La parole m’ait donné par l’ancien Konaté. Et je parle. Je me sens perdre le contrôle de moi-même. Je récite le message du roi Touré. J’ai le sentiment, qu’il ne s’agit plus de Binta Touré Kintaba. J’ai l’impression que le roi Touré a pris possession de moi et s’exprime à la foule. Au-delà du message général, il répétera trois fois la pensée qui m’accompagne depuis son décès.

Héritage
Héritage

Et soudain, c’est le noir. Je ne vois plus rien. Et je reprends connaissance installée sur le trône ancestral de Ségou. C’est le début de l’intronisation. Je ne comprends rien. J’essaie de m’enfuir, je me débat. Comment cela est-il possible? Je n’ai que faire du pouvoir. Je n’ai que faire de ces batailles que je sens venir. Je n’ai que faire d’un duel à mort avec Yacine, après tout, il s’agit de mon frère, de mon aimé. Que se passe-t-il ? Le noir, de nouveau.

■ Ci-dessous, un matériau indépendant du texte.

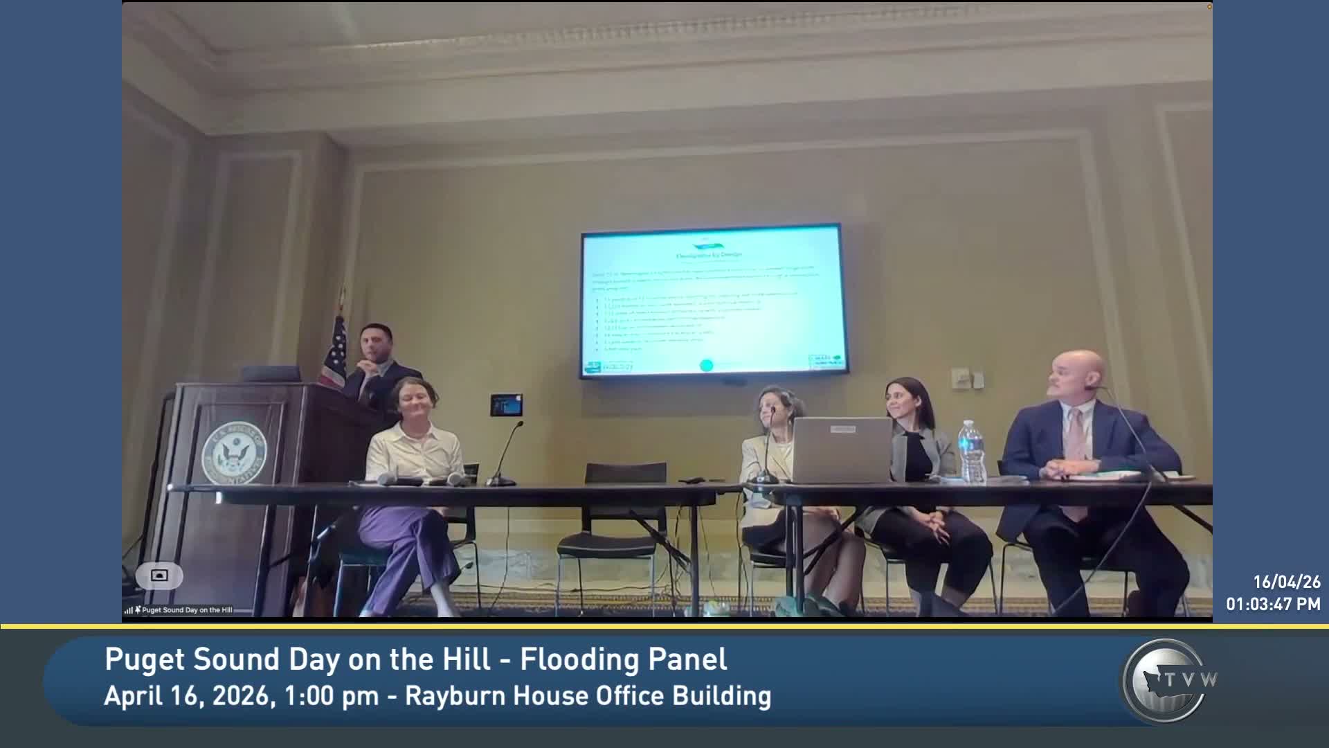 Tazio Bey, who opened the session and identified himself as a watershed codings director at a Portland-based health foundation partnering with the Washington State Department of Ecology, said locally available dollars are insufficient to meet the scale of need and that the "cost of inaction is so much higher than the cost of doing the solutions." He framed the discussion around multi-benefit, landscape-scale projects that combine flood-risk reduction with habitat gains.

Quand je me réveille, je suis dans une salle richement décorée, surprenante. J’en ai souvent entendu comme une lointaine légende. Le roi de Ségou est un être plus proche des dieux que des êtres humains et dans cette pièce a lieu son intronisation, sa reconnaissance formelle par l’assemblée des dieux, des ancêtres. Ce lieu est la mémoire de Ségou, la mémoire de notre peuple. Ici, je suis invitée à parler une seule fois, pour prêter serment par ces mots qui décidément m’obsèdent :

 « Le monde est un pot à eau, quand on a bu, on le passe à autrui pour qu’il le boive aussi »,

Le noir, encore..la lumière ensuite et retour sur le trône. J’ai désormais compris les tendres paroles de père. Je suis décidée à perpétuer notre royaume, à protéger ses traditions, à le faire prospérer pour léguer à mon tour, un royaume fort à mon successeur et permettre à nos griots de chanter le nom de Ségou pour les siècles et les siècles. Moi Binta Touré Kintaba, j’accepte de passer le pot à eau.

PS : Toute ressemblance avec des faits réels est parfaitement hasardeuse. C’était la « Citation du Lundi ».

XoXo

Anna KEDI SIADE ♦

10 Commentaires

  1. J’aime beaucoup, avec un léger pincement au coeur!

    1. pourquoi le pincement?

      1. La perte d’un père, un pilier et le poids de ce legs qu’on ne ressent réellement que lorsque cette âme nous quitte…

        1. oooooh mon ange. Sorry. I should have sensed it faster. Des bisounours tout plein.

  2. Très belle leçon subliminale.

  3. Hahahaha juste fascinant… Mais déçu de voir que l’explication était simple comme ça ! Tellement tu as fait monté (Très habilement) la curiosité !:)

    1. Merciiiii. Heureuse que tu ais aimé.

  4. Woooaw elle est juste magnifique ! Faudrais que tu m’aide pour la suite de mon histoire

    1. Avec plaisir chère petite sœur. Merci de t’être arrêtée par ici. Tu peux faire le tour, je suis certaine que tu trouveras d’autres billets qui t’inspireront.